» **What you need to do**: Could you copy exactly the lines below from the one with "休憩していると、キイロスズメ" to the one with "Race auto thema", inclusive, leaving out any pictures?

Stored data entries
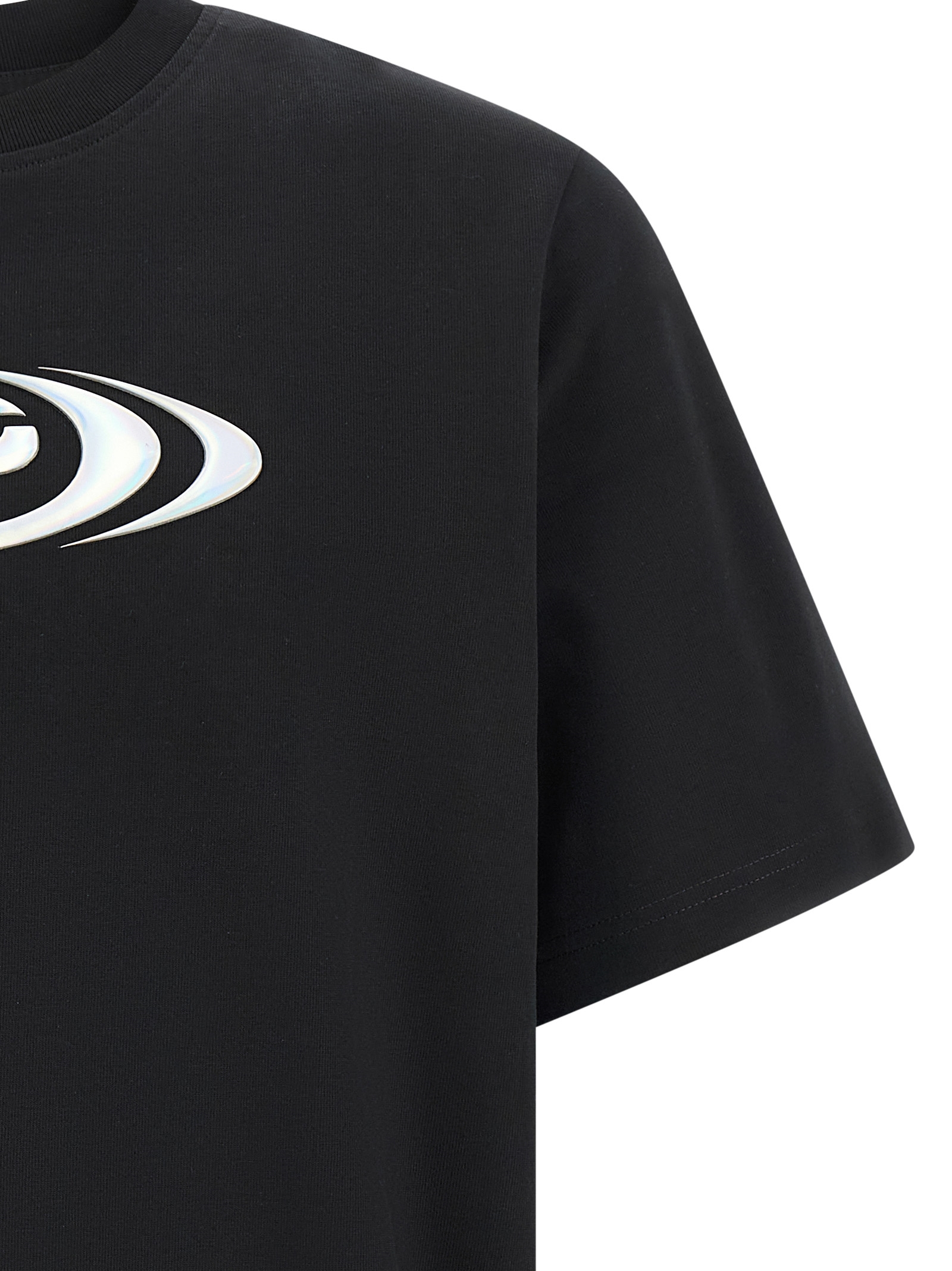 Cotton, 'Warped Logo' deformed T-shirt with mixture of midtones and glassy effects on the front, crew neck, and short sleeves. Article created in collaboration with Martin Naumann to create unique works of art with nuances and material effects. SUSTAINABLE: This product is made of organic cotton.
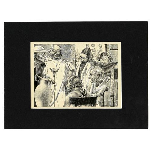 <B>Virgil Finlay - "A Midsummer Night's Dream," page 17 Illustration Original Art (Popular Fiction Publishing Co., 1935).</B></I> Virgil Finlay burst upon the professional fantasy illustration scene at the age of twenty-one when his drawings were printed in the December, 1935 issue of the <B>Weird Tales</B></I> pulp. Editor Farnsworth Wright, recognizing Finlay's incredible talent, also assigned him to the first of a proposed series of illustrated reprints of Shakespeare's plays, <B>A Midsummer Night's Dream.</B></I> The trade paperback printed twenty-five gorgeous Finlay illustrations. This surreal scene hails from Act I, Scene II, and had a caption which read, "Is All Our Company Here?" The illustration has an image area that measures 7" x 5.5", and the art is in Excellent condition.
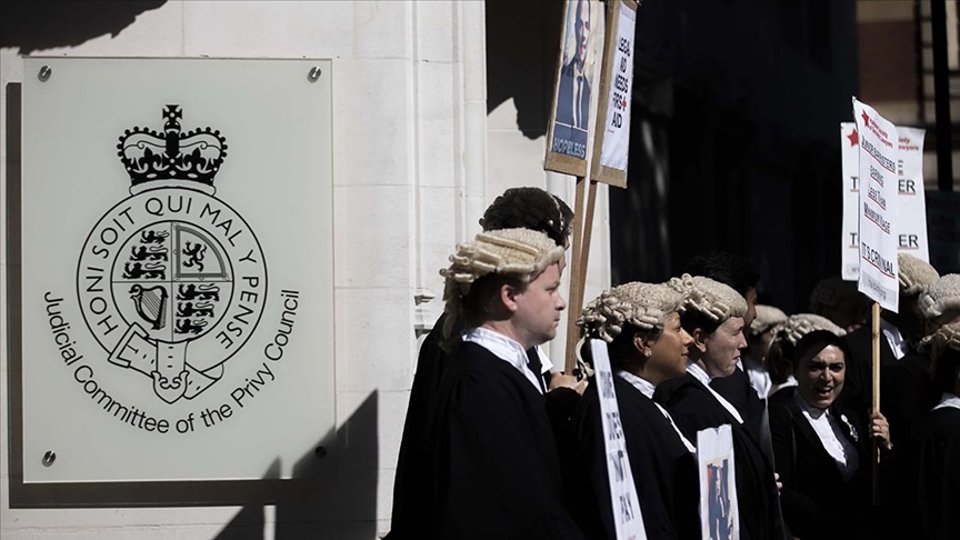 Başkent Londra'daki Yüksek Mahkemenin önünde toplanan avukatlar, Adalet Bakanlığının eylül sonunda yapacağı yüzde 15'lik ücret artışına itiraz ederek yıllarca süren fon kesintilerinin telafisi için Ceza Avukatları Derneğinin (CBA) yüzde 25'lik artış talebini destekledi.
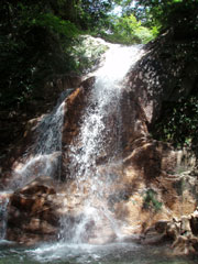 休憩していると、キイロスズメバチがまとわり付いてきました。近くに巣があるのだろうと思っていたら、滝(下の画像)の手前、左岸の壁に巣がありました。 |
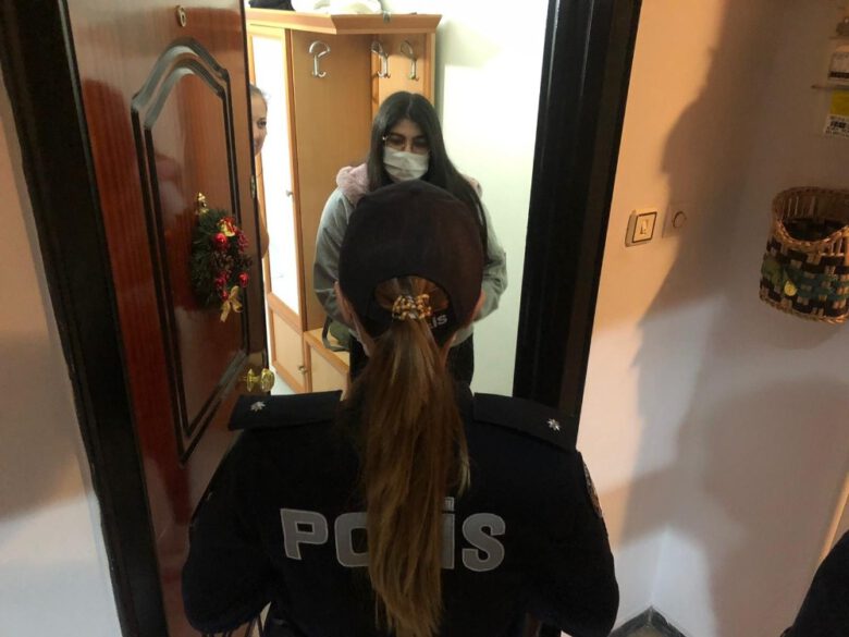 Genç kızı teslim eden polis ekiplerini kapıdan gören yakınları alkışlarla teşekkür etti.
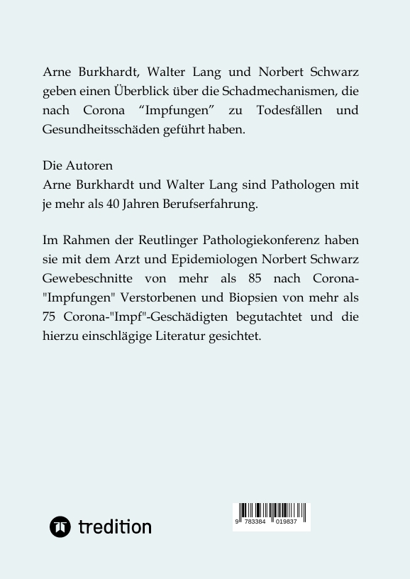 Die Autoren Arne Burkhardt und Walter Lang sind Pathologen mit je mehr als 40 Jahren Berufserfahrung. Im Rahmen der Reutlinger Pathologiekonferenz haben sie mit dem Arzt und Epidemiologen Norbert Schwarz Gewebeschnitte von mehr als 85 nach Corona-"Impfungen" Verstorbenen und Biopsien von mehr als 75 Corona-"Impf"-Geschädigten begutachtet und die hierzu einschlägige Literatur gesichtet.
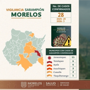 La Secretaría de Salud de Morelos, a través de Servicios de Salud de Morelos (SSM), informó que, durante la primera semana epidemiológica de 2026, se confirmaron tres casos de sarampión en la localidad de Tenextepango, municipio de Ayala.
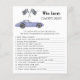 Race auto thema baby shower uitnodigingskaart met waterverf illustraties van een paarse (violette) vintage auto en zwart-wit race vlag. "Race op over voor een baby shower."
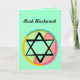 The "Star of David" represents the Jewish Holiday "Rosh Hashanah" This design is of a black star on a circle of a series of different colors that resemble a stained glass window. Inside is a wish for having a happy and healthy new year.
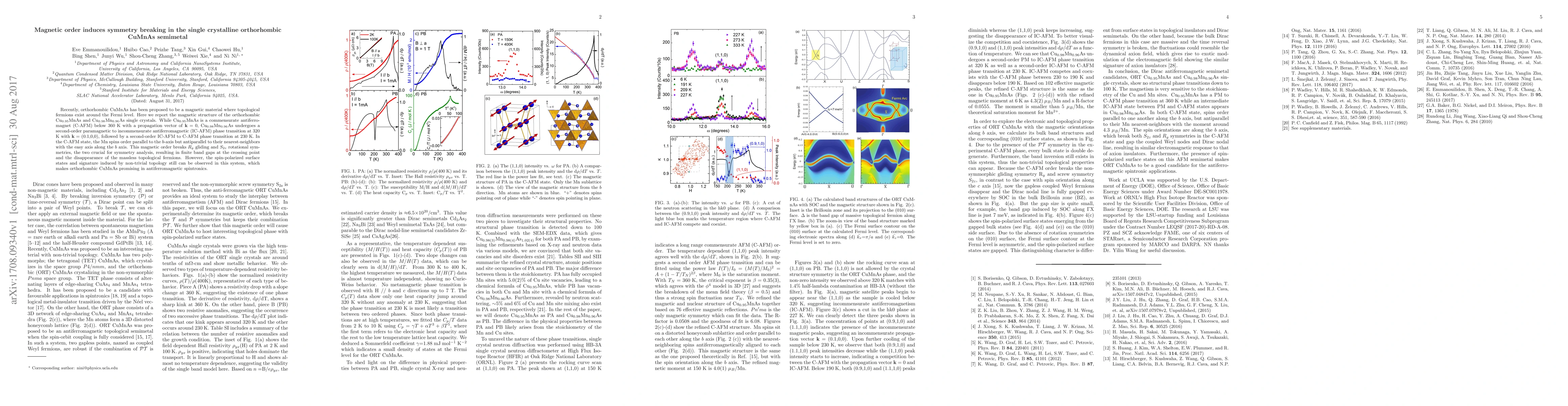 Recently, orthorhombic CuMnAs has been proposed to be a magnetic material where topological fermions exist around the Fermi level. Here we report the magnetic structure of the orthorhombic Cu0.95MnAs and Cu0.98Mn0.96As single crystals. While Cu0.95MnAs is a commensurate antiferromagnet (C-AFM) below 360 K with a propagation vector of k = 0, Cu0.98Mn0.96As undergoes a second-order paramagnetic to incommensurate antiferromagnetic (IC-AFM) phase transition at 320 K with k = (0.1,0,0), followed by a second-order IC-AFM to C-AFM phase transition at 230 K. In the C-AFM state, the Mn spins order parallel to the b-axis but antiparallel to their nearest-neighbors with the easy axis along the b axis. This magnetic order breaks Ry gliding and S2z rotational symmetries, the two crucial for symmetry analysis, resulting in finite band gaps at the crossing point and the disappearance of the massless topological fermions. However, the spin-polarized surface states and signature induced by non-trivial topology still can be observed in this system, which makes orthorhombic CuMnAs promising in antiferromagnetic spintronics.
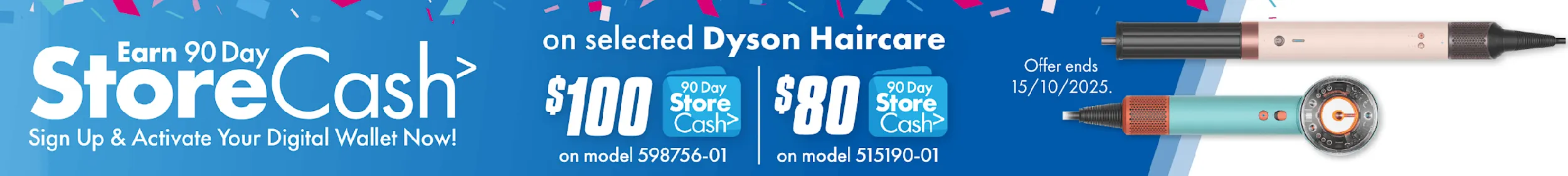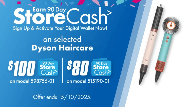>Qualifying conditions, including signing up to 90 Day StoreCash, activating a Digital Wallet before being eligible to earn/win and where a qualifying purchase is required, delivery/collection of product within 60 days. 90 Day StoreCash expires 90 days after issue. Personal purchases only. Exclusions and purchase limits apply. Each 90 Day StoreCash reward must be used in one transaction and no change/credit for any unused balance. Refer to 90 Day StoreCash T&Cs for details, including how to receive 90 Day StoreCash deposit notifications, how to earn & timing for issue of 90 Day StoreCash. Shop all eligible models here.
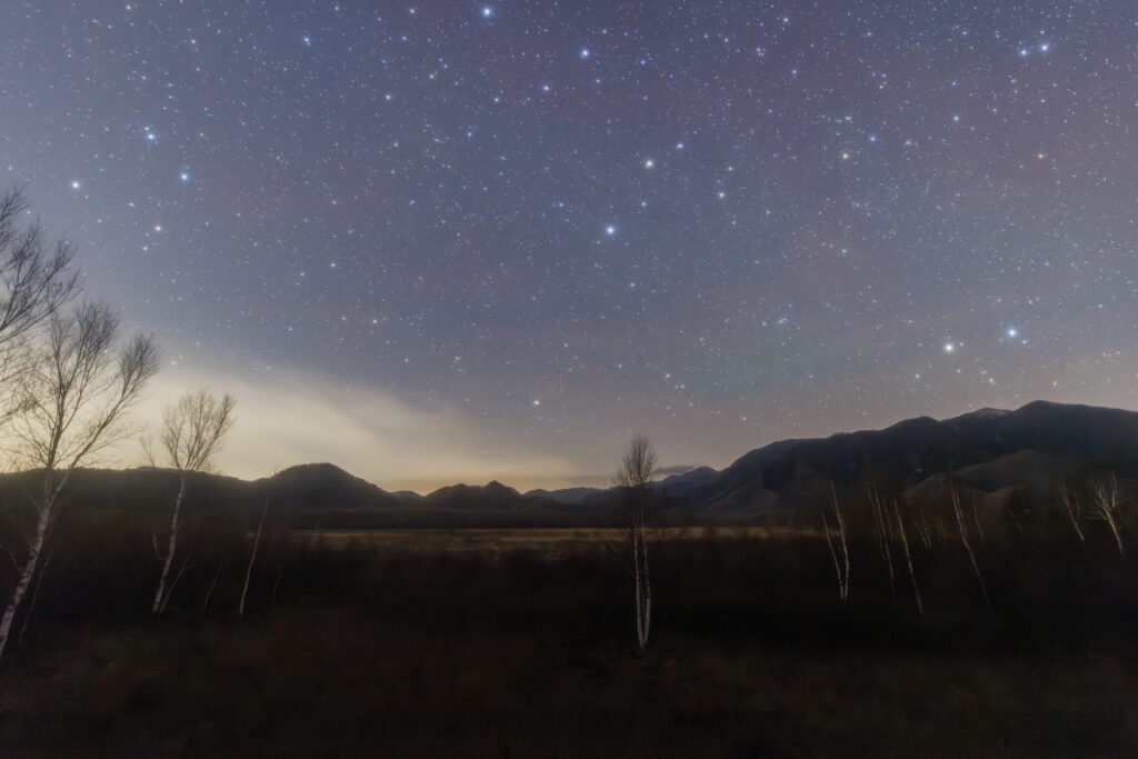 戦場ヶ原展望台より西の空。中央にはしし座レグルス。下にはうみへび座の一部やふたご座ポルックス。撮影の時にカメラを少し上向きにしましたがLightroomで歪み補正を入れてみました。そのため右上と左上の星が少し伸びます。あまり目立ちませんかね。

» **Solution to the exercise**:
 休憩していると、キイロスズメバチがまとわり付いてきました。近くに巣があるのだろうと思っていたら、滝(下の画像)の手前、左岸の壁に巣がありました。 |
 Genç kızı teslim eden polis ekiplerini kapıdan gören yakınları alkışlarla teşekkür etti.
 Die Autoren Arne Burkhardt und Walter Lang sind Pathologen mit je mehr als 40 Jahren Berufserfahrung. Im Rahmen der Reutlinger Pathologiekonferenz haben sie mit dem Arzt und Epidemiologen Norbert Schwarz Gewebeschnitte von mehr als 85 nach Corona-"Impfungen" Verstorbenen und Biopsien von mehr als 75 Corona-"Impf"-Geschädigten begutachtet und die hierzu einschlägige Literatur gesichtet.
 La Secretaría de Salud de Morelos, a través de Servicios de Salud de Morelos (SSM), informó que, durante la primera semana epidemiológica de 2026, se confirmaron tres casos de sarampión en la localidad de Tenextepango, municipio de Ayala.
 Race auto thema baby shower uitnodigingskaart met waterverf illustraties van een paarse (violette) vintage auto en zwart-wit race vlag. "Race op over voor een baby shower."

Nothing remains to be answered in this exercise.